_PROVIDED INFORMATION_.
>>
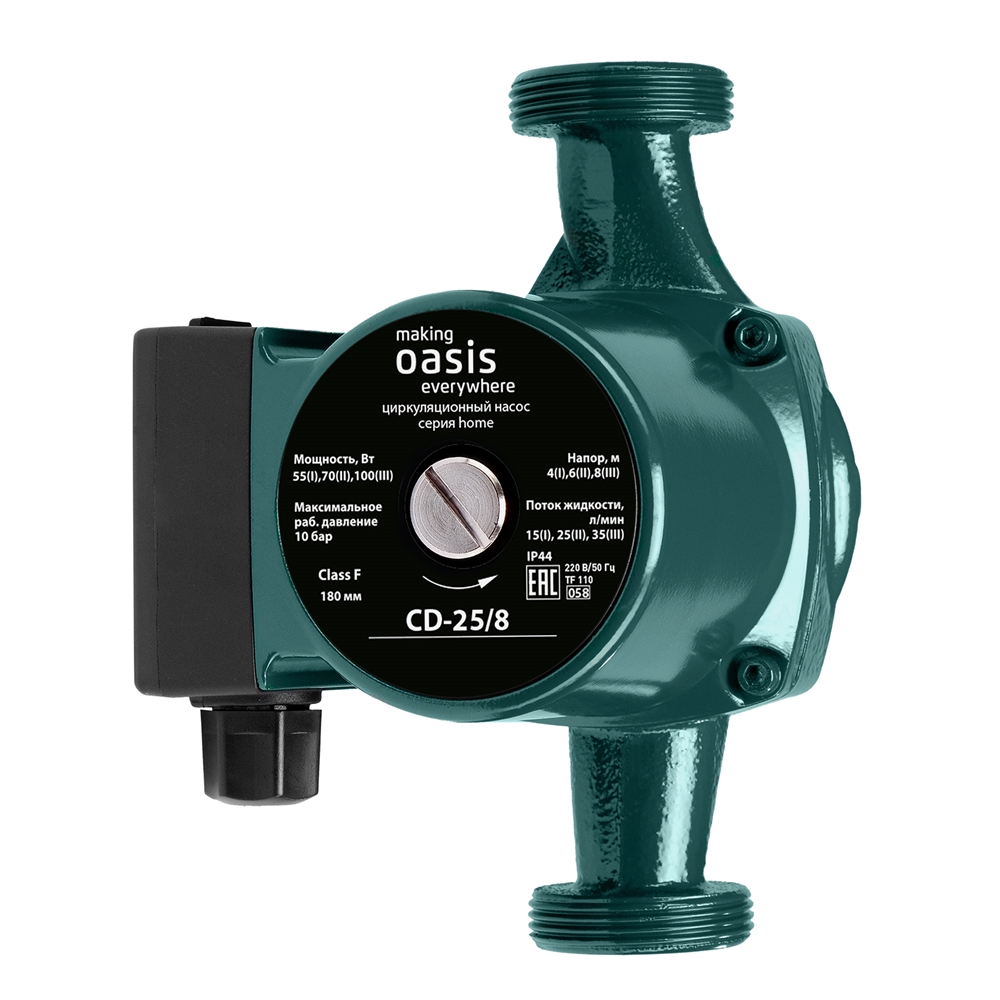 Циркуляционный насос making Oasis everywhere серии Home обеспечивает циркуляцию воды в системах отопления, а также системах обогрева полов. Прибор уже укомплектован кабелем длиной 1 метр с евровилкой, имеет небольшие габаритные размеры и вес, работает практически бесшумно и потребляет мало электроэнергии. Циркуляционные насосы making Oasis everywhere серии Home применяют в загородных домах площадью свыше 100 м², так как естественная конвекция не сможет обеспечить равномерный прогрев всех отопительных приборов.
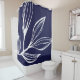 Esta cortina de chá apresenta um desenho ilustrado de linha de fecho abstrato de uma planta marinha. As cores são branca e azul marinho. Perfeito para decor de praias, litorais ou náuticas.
<<
>>
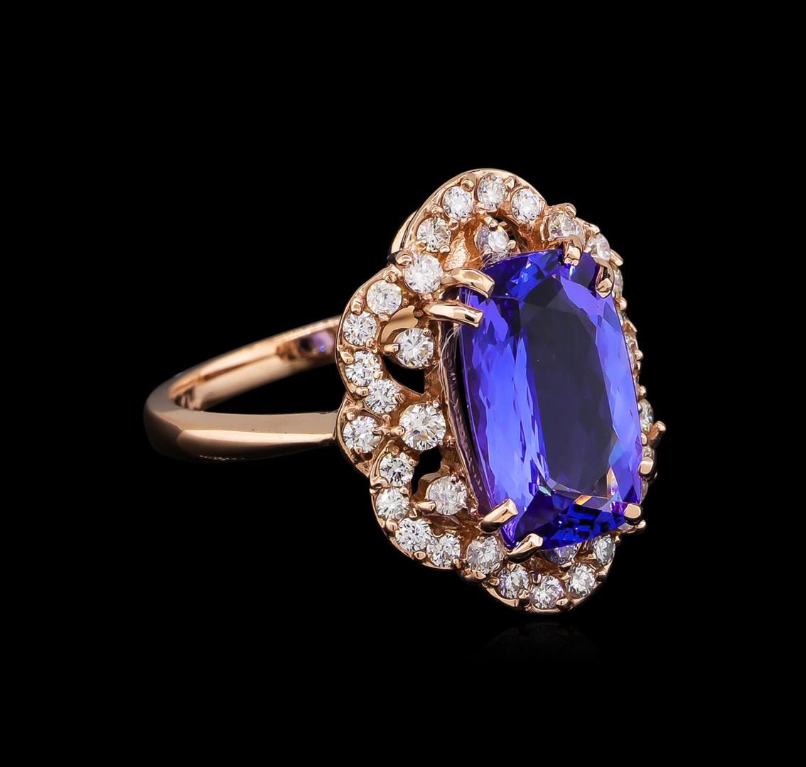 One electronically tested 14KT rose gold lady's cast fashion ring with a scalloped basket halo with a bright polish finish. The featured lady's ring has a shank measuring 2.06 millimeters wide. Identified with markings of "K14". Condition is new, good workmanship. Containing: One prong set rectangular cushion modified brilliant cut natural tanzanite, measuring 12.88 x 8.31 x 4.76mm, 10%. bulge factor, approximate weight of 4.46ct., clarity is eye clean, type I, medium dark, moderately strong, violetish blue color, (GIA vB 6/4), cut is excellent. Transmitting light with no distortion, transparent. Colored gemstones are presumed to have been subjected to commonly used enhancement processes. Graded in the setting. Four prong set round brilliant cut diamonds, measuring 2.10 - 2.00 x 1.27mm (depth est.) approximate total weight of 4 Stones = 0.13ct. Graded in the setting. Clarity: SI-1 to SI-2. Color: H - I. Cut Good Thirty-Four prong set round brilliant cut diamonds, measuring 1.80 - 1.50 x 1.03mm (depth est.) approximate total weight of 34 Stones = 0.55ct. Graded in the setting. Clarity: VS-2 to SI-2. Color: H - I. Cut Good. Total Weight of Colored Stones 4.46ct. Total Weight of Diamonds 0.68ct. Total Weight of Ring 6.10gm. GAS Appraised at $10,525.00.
<<
>>
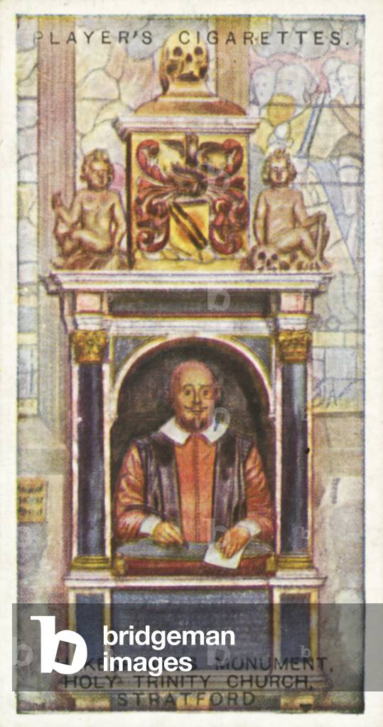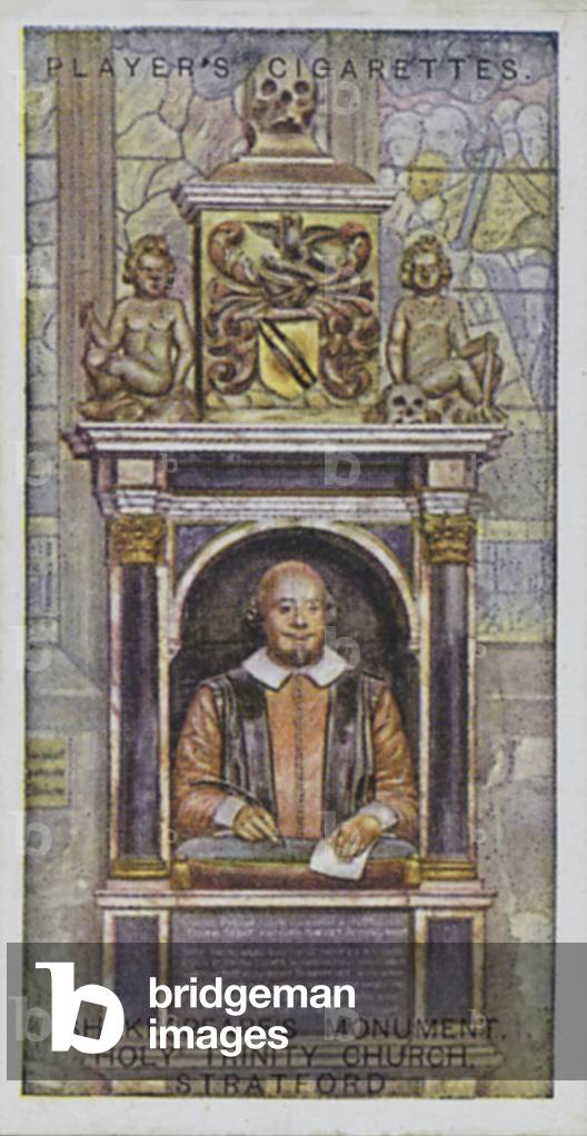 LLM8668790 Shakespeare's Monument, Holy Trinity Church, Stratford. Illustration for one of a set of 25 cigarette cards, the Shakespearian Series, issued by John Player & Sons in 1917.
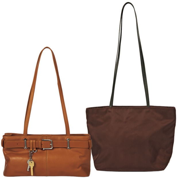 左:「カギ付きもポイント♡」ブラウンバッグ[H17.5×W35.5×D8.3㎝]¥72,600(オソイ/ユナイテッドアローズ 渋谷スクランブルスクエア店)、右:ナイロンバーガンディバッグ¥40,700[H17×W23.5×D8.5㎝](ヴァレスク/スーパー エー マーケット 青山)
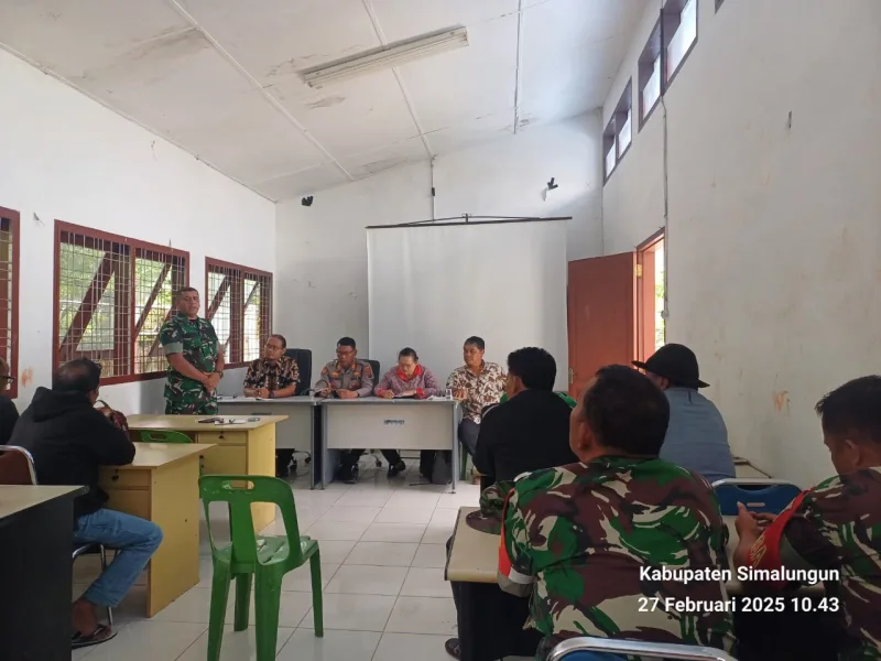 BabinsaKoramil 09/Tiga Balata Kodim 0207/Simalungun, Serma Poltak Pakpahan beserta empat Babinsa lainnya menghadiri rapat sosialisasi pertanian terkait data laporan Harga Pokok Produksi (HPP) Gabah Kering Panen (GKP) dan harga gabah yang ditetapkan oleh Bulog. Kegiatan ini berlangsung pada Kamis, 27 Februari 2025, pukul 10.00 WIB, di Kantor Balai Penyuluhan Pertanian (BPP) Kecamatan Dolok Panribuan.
<<
_TASK DIRECTIONS_. Print from the line containing "エー マーケット 青山)" through the line containing "BabinsaKoramil 09/Tiga Balata" in the data above, exactly as the lines stand, and omit every picture.

_PROBLEM SOLUTION_.
 左:「カギ付きもポイント♡」ブラウンバッグ[H17.5×W35.5×D8.3㎝]¥72,600(オソイ/ユナイテッドアローズ 渋谷スクランブルスクエア店)、右:ナイロンバーガンディバッグ¥40,700[H17×W23.5×D8.5㎝](ヴァレスク/スーパー エー マーケット 青山)
 BabinsaKoramil 09/Tiga Balata Kodim 0207/Simalungun, Serma Poltak Pakpahan beserta empat Babinsa lainnya menghadiri rapat sosialisasi pertanian terkait data laporan Harga Pokok Produksi (HPP) Gabah Kering Panen (GKP) dan harga gabah yang ditetapkan oleh Bulog. Kegiatan ini berlangsung pada Kamis, 27 Februari 2025, pukul 10.00 WIB, di Kantor Balai Penyuluhan Pertanian (BPP) Kecamatan Dolok Panribuan.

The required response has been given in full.